В последние несколько месяцев вопросы, связанные с правом российских
женщин на аборт, вновь оказались не просто в фокусе общественного
обсуждения, но и стали предметом различных правовых инициатив. В
июле этого года министр здравоохранения Михаил Мурашко выступил
с несколькими резонансными заявлениями: стремление женщин сначала
получить образование, сделать карьеру, обеспечить себе материальную
базу, а потом только озаботиться деторождением чиновник назвал "порочной
практикой" и связал с ней такие проблемы, как бесплодие, невынашивание,
необходимость обращаться за услугами ЭКО, а также сокращение времени
для многодетности. Кроме того, министр сообщил, что считает сокращение
абортов ключевой задачей, и предложил ограничить продажу препаратов
для медикаментозного прерывания беременности.

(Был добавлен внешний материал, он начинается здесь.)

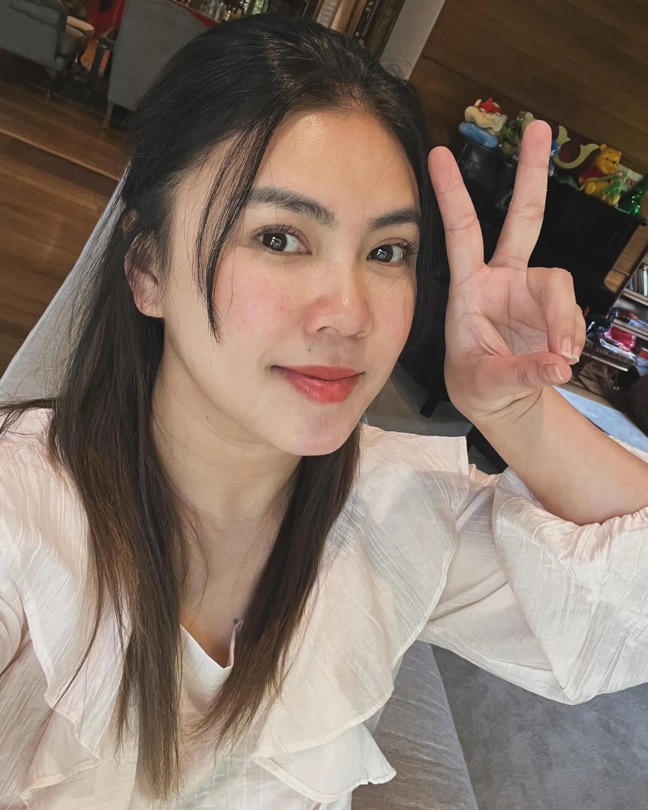 "ขออภัยในความผมหงอกนิดนึงนะคะ เพราะว่ายังไม่มีเวลาไปย้อมผมเลย (ยิ้ม) ต้องออกตัว 2 เรื่อง คือ 1.เรื่องผมใช่ไหม 2.เรื่องอวบอั๋นนิดนึง เพราะว่าทำลูก คือต้องกินฮอร์โมน ฉีด ปรับ อะไรแบบเยอะมาก ก็จะอวบๆ นิดนึง
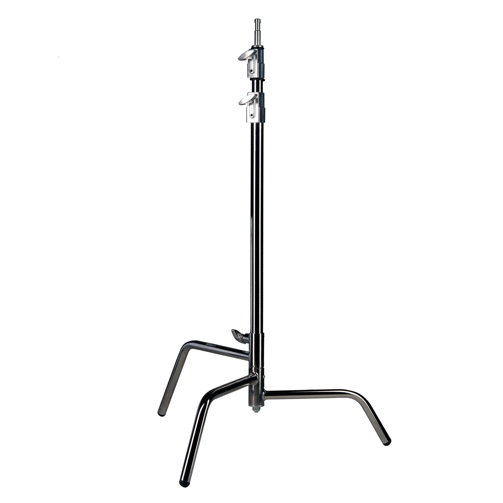 Die C-Stands sind in zwei unterschiedlichen Varianten verfügbar. Die Belastung liegt jeweils bei 10 kg. Im Packmaß und der max. erreichbaren Höhe liegen die Unterschiede der beiden Stativvarianten.
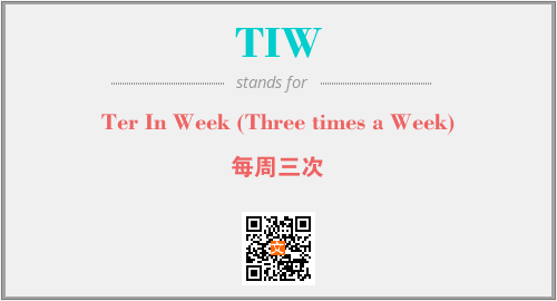 英文缩略词“TIW”经常作为“Ter In Week (Three times a Week)”的英文缩写来使用,中文表示:“每周三次”。本文将详细介绍英文缩写词TIW所代表英文单词,其对应的中文拼音、详细解释以及在英语中的流行度。此外,还有关于缩略词TIW的分类、应用领域及相关应用示例等。
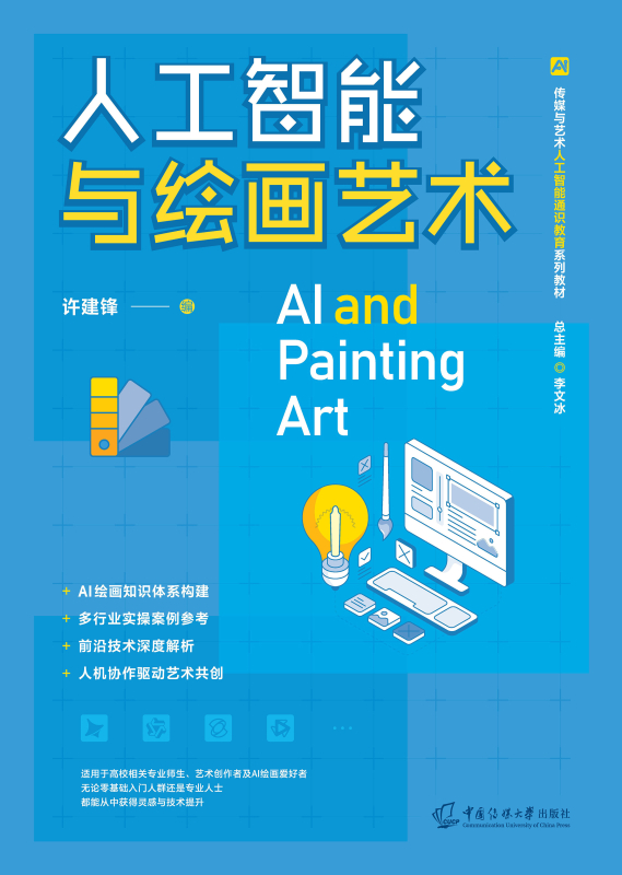 本教材全面梳理人工智能绘画的发展脉络与技术原理,从基础概论、模型分类到文生图、图像编辑与图像控制,层层递进,构建完整的人工智能绘画知识体系。同时,围绕视频生成、数字人制作与智能体艺术设计等前沿方向,深入解析主流工具与应用方法,结合大量多行业的深度实操案例,呈现从创意构思到成品落地的全过程,帮助读者掌握工具、拓展想象,在人机协作中开启属于自己的艺术新篇章。
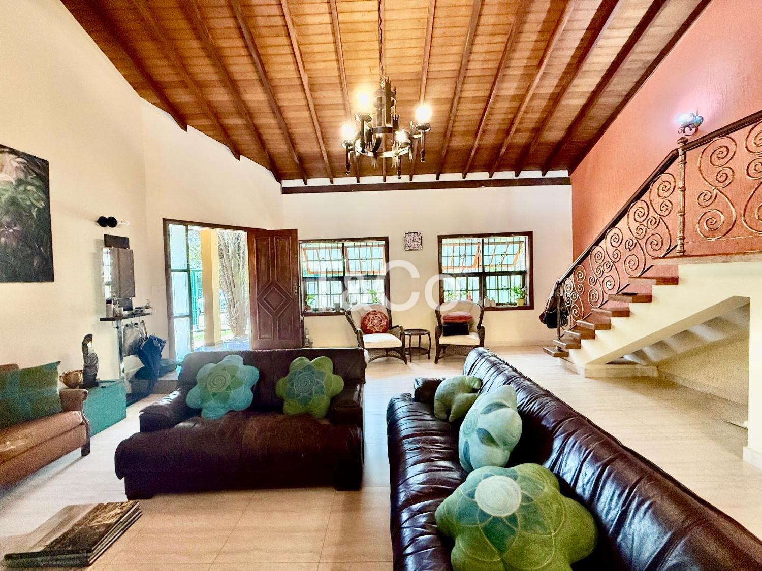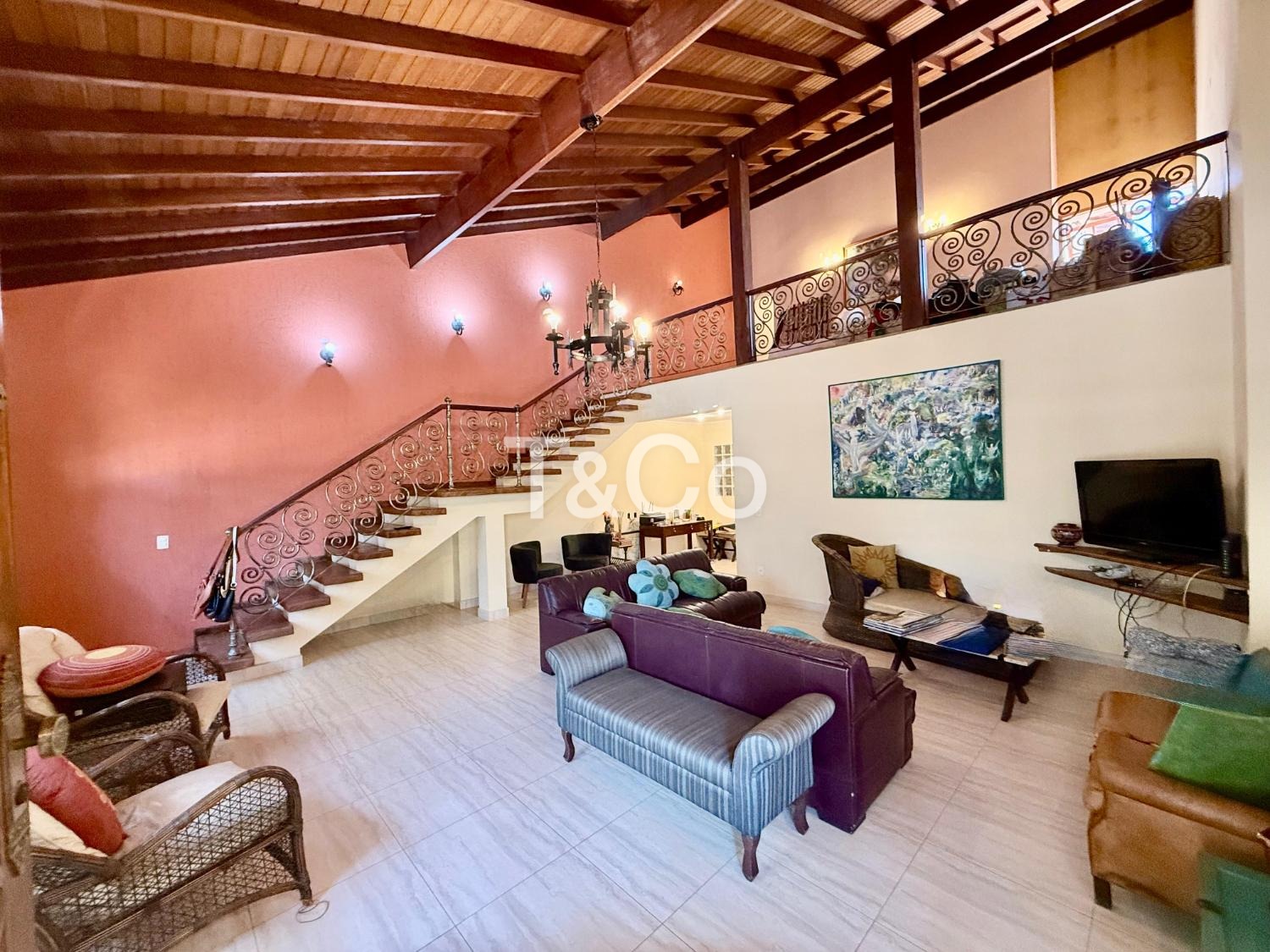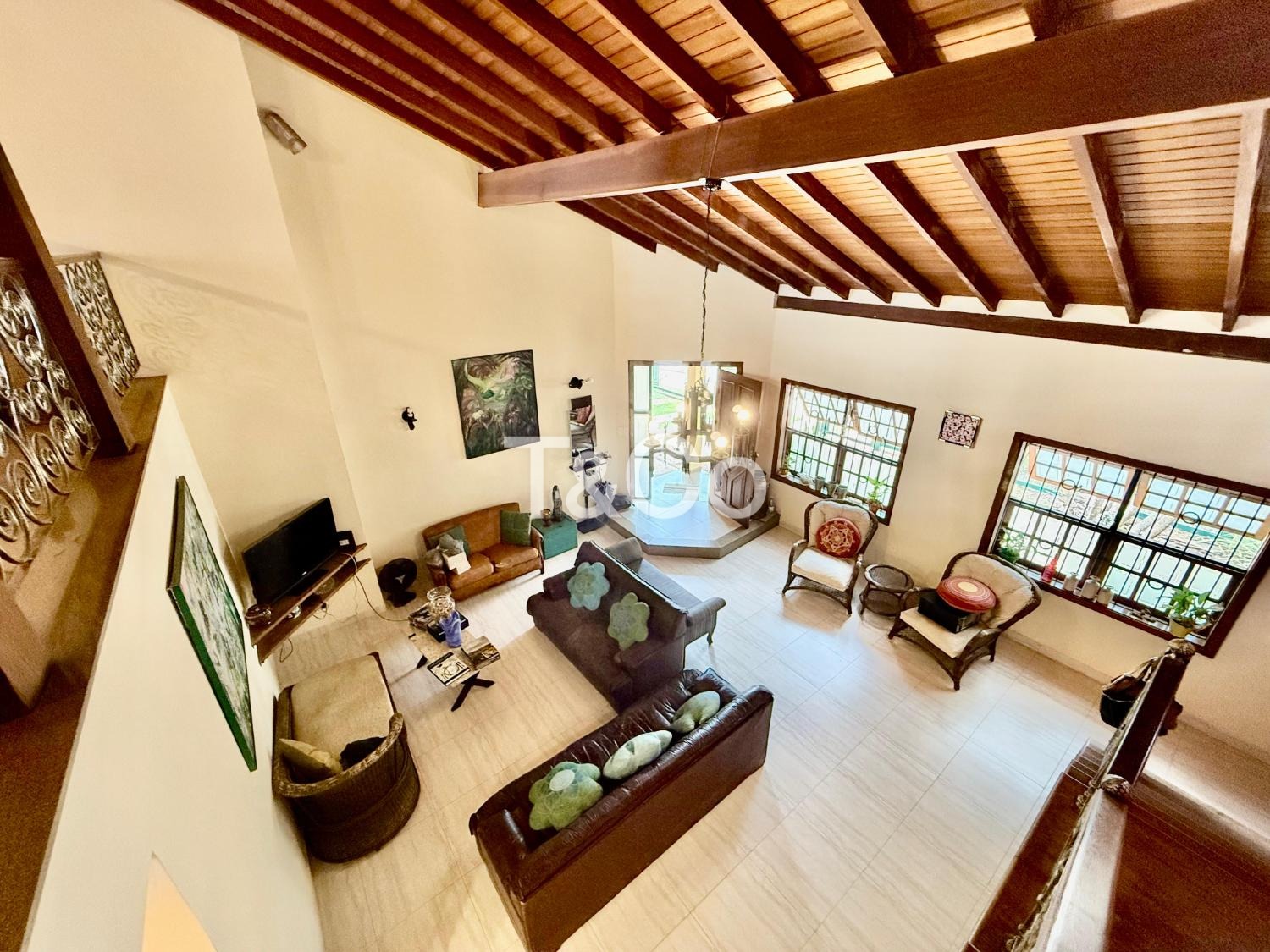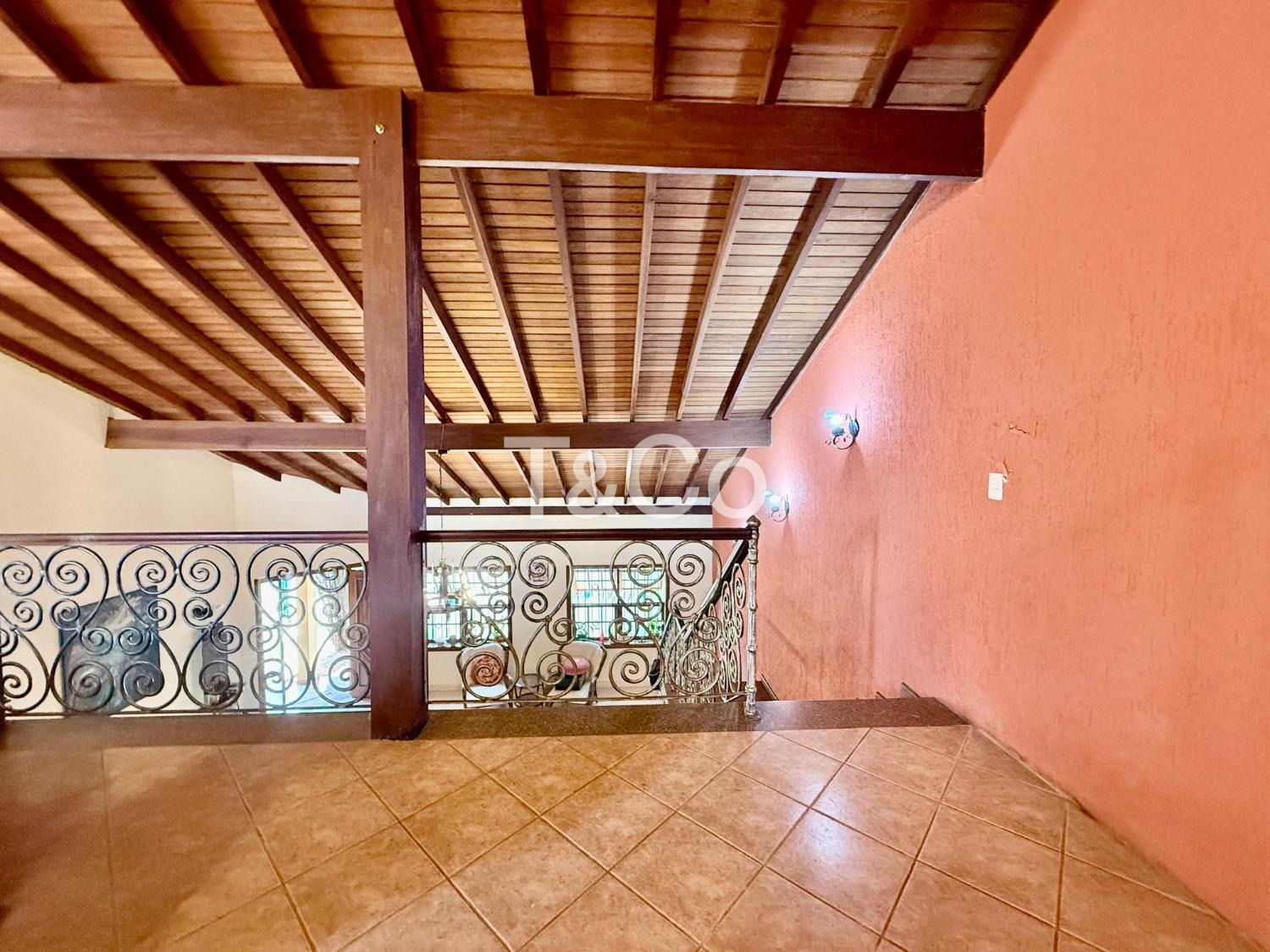 No piso superior, amplo mezanino. 2 suítes. Escritório. Varanda.

В августе глава республики Мордовия Артем Здунов сообщил на своей
официальной странице "ВКонтакте", что "Мордовия стала
первым регионом России, где приняли закон о запрете склонения женщин
к искусственному прерыванию беременности", а также подчеркнул,
что пять частных клиник "добровольно отказались от услуг по
искусственному прерыванию беременности".
Это законодательное решение трудно назвать оригинальным: в уже упомянутом
постановлении ЦИК и СНК СССР 1936 года, на долгие годы запретившем
аборты, содержалась аналогичная норма: "за понуждение женщины
к производству аборта" устанавливалось уголовное наказание
- тюремное заключение до двух лет. Тем не менее с точки зрения новейшего
российского регулирования этот подход действительно обозначил новый
тренд.
В конце октября Комитет Госдумы по охране здоровья провел круглый
стол по вопросам прерывания беременности, на котором в том числе
активно обсуждались поправки в Закон об основах охраны здоровья
граждан, предлагаемые РПЦ. Среди них - существенное сокращение срока
для аборта по всем основаниям, а также прерывание беременности только
при условии получения письменного согласия супруга или опекуна несовершеннолетней
беременной. Со стороны участников круглого стола вновь звучали предложения
расширить практику привлечения к административной и уголовной ответственности
за склонение к аборту. Эту же идею последовательно продвигает патриарх
Кирилл: 13 ноября, выступая на XI Общецерковном съезде по социальному
служению, патриарх призвал к "существенному пересмотру вопросов
суверенизации нашего репродуктивного потенциала" и привел в
пример инициативу Мордовии, отметив, что подобный федеральный закон
способствовал бы "сохранению и защите репродуктивного здоровья
нации". Кого касается право на аборт?
Развернувшаяся дискуссия демонстрирует, что в российской политике
наметился очередной виток обсуждения давно известной проблемы: чьи
интересы должны быть определяющими при регулировании отношений,
связанных с искусственным прерыванием беременности.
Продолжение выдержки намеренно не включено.